TASK DESCRIPTION ▸
Could you filter the material and copy every line where the word "this" occurs?

SUPPLIED RECORDS ▸
•••
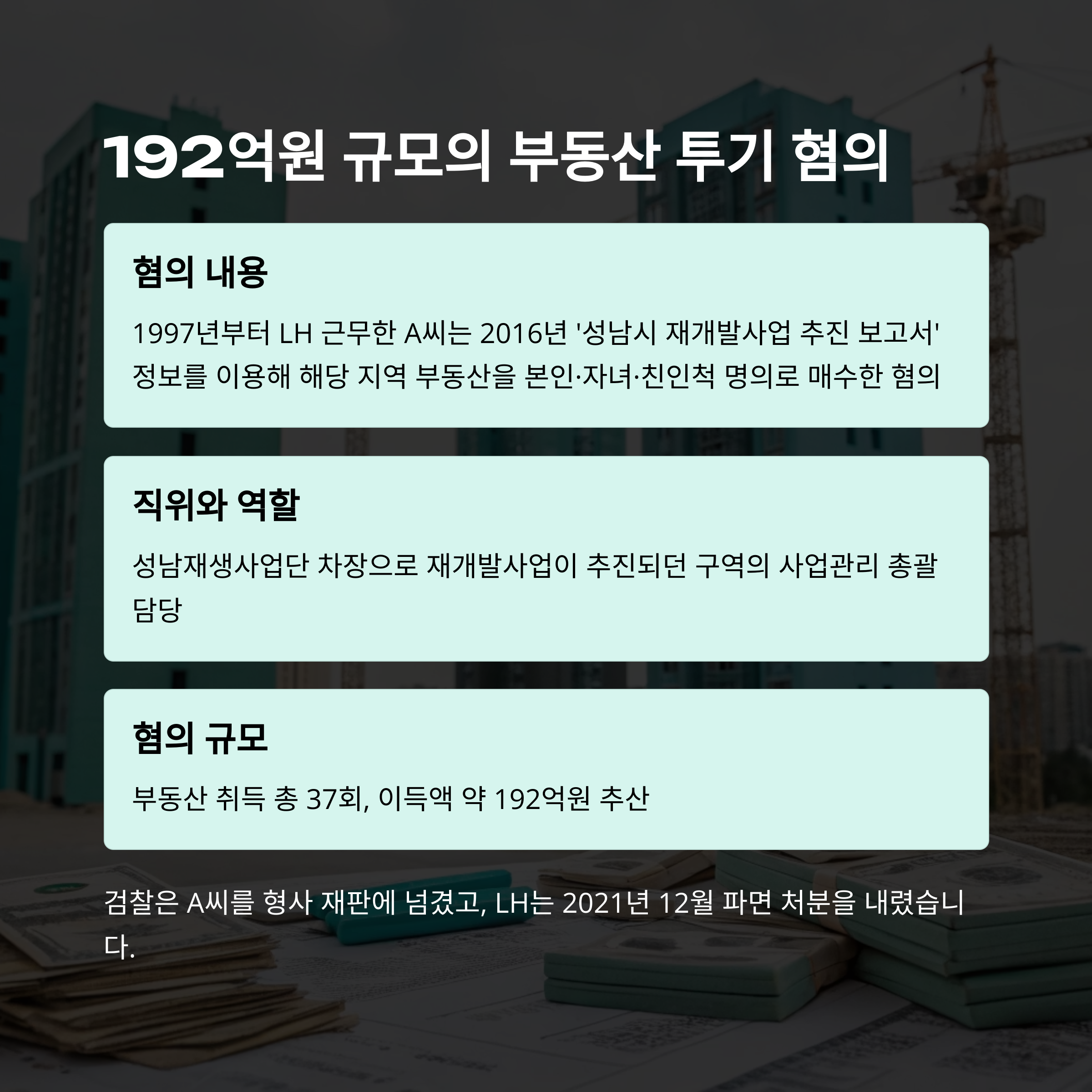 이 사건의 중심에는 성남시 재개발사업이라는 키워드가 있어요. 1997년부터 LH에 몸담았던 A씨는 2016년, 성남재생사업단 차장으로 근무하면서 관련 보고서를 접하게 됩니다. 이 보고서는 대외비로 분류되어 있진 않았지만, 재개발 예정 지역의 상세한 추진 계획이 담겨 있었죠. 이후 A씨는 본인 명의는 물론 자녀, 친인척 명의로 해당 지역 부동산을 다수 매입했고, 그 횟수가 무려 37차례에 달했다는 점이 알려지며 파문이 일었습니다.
•••
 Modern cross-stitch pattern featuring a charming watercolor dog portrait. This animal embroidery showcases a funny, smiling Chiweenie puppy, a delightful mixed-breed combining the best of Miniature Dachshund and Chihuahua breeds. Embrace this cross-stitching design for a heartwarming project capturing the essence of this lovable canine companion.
•••
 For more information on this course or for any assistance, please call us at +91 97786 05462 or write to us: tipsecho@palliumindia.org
•••
PROBLEM SOLUTION ▸
 Modern cross-stitch pattern featuring a charming watercolor dog portrait. This animal embroidery showcases a funny, smiling Chiweenie puppy, a delightful mixed-breed combining the best of Miniature Dachshund and Chihuahua breeds. Embrace this cross-stitching design for a heartwarming project capturing the essence of this lovable canine companion.
 For more information on this course or for any assistance, please call us at +91 97786 05462 or write to us: tipsecho@palliumindia.org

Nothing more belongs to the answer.